Por se tratar do estudo localizado em um único curso – o de Letras/Português – em uma única Universidade da região norte brasileira, considero que a metodologia adotada se constitui no que se conhece como análise (ou estudo) de caso, mesclada à análise situacional. Utilizei, para tanto, todas as ferramentas que me pareceram úteis para a pesquisa, num verdadeiro trabalho de bricolage:

pesquisa de campo com observações em salas de aulas do Ensino Fundamental e Médio, aplicação de questionários, tomadas de depoimentos e anotações em diários de campo; pesquisa documental, através da análise de documentos, correspondências e relatórios; pesquisa bibliográfica e webgráfica. Os dados foram analisados sob as abordagens quantitativa e qualitativa.

O ecletismo de ferramentas e abordagens utilizadas, entretanto, foi rigorosamente fundamentado pelo viés teórico adotado, visto que estes procedimentos me permitiram estabelecer relações entre a história local, a história da Universidade e do curso de Letras, o perfil dos estudantes e a constituição de seu habitus linguístico, bem como as estratégias de reprodução desse habitus.

Nas minhas investidas para o conhecimento de Bourdieu, encontrei uma possibilidade teórico-metodológica que me ajudaria no desvelamento do problema de minha pesquisa. Então, refletindo sobre o problema, de forma relacional, trilhei o seguinte percurso:

a) Primeiramente, porque os agentes estão sempre situados em um espaço social, e este espaço tem uma história, foi necessário historicizar - no tempo e no espaço - o campo em que me situava; então, concentrei o meu trabalho de investigação no período entre as últimas três décadas, para tentar descrever a história da Universidade Federal de Rondônia, com enfoque especial na história do curso de Letras: currículo, professores e estágios; para tanto, vali- me da pesquisa documental (projetos do curso; correspondências oficiais) e depoimentos de ex-alunos, além de minhas próprias memórias;

b) Em segundo lugar, e ainda dentro do mesmo campo acadêmico, era necessário conhecer o aluno do curso de Letras-Português, visto que ele é o agente a quem a academia oferece a formação inicial. Aqui utilizei a pesquisa documental (pastas individuais dos alunos) para tratar dos alunos “pretéritos” (período 1983 a 2003); para os alunos “em curso” (período 2005 a 2008) foi utilizado um questionário sócio-econômico-cultural (ao modo daqueles utilizados nos exames vestibulares), que me permitiu identificar o capital econômico e sociocultural dos alunos; e, ainda, textos escritos produzido por 17 estagiários que responderam aos questionários. Com base nesses instrumentos, tentei construir um perfil dos alunos pretéritos e dos alunos em curso.

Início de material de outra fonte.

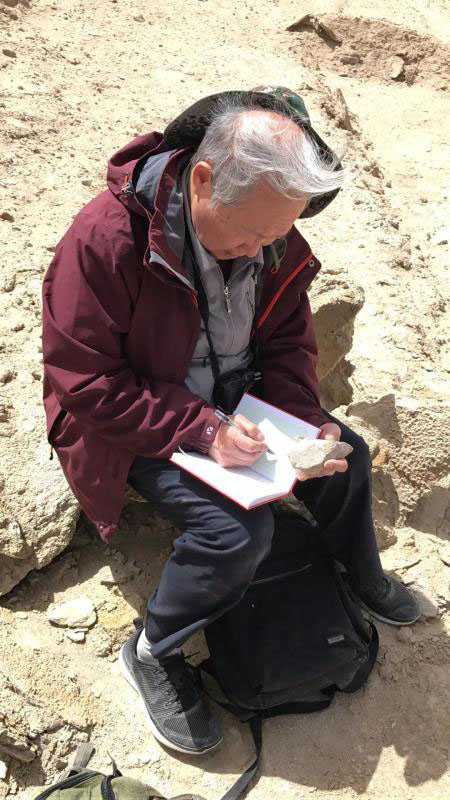 一位老人以樹枝為杖,艱難行走在思茅盆地雜草叢生的小徑,鄭綿平的學(xué)生張雪飛應(yīng)采訪邀請(qǐng)發(fā)來這一照片,“這是鄭院士正帶我們做云南鉀鹽科考項(xiàng)目”,她解釋說,“時(shí)間是2020年1月,春節(jié)前夕”。只有一行人背影的模糊小照,讓記者聯(lián)想起27年前在西藏采訪時(shí)第一次見到鄭院士的場(chǎng)景——被高原風(fēng)蝕成的經(jīng)典藏民面孔和難以聽懂的福建口音。86歲了,還在出野外!
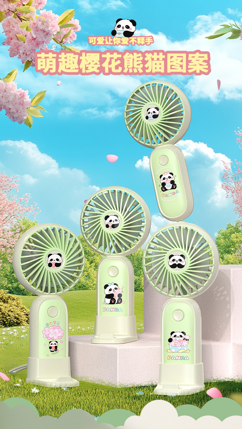 cute panda small handheld fan mobile phone holder usb charging mini noiseless wind student fan wholesale

c) Em terceiro lugar, para analisar o capital lingüístico dos alunos estagiários em situação de aula, utilizei registros de observações de aulas, com foco no domínio dos conteúdos escolares e do uso da língua culta escrita (a língua legítima) escrita pelos estagiários.

Todos estes instrumentos, relacionados entre si, me permitiram estudar tão somente um caso institucional. Entretanto, é possível relacioná-lo com o caso dos estagiários e professores de Letras (entenda-se Letras-Português) no Brasil, através de sua comparação com outras pesquisas.

Nesta parte do trabalho, portanto, dispus os fundamentos teóricos e metodológicos que nortearam minha pesquisa. Na parte 2, a seguir, situarei meu objeto de trabalho no tempo e no espaço.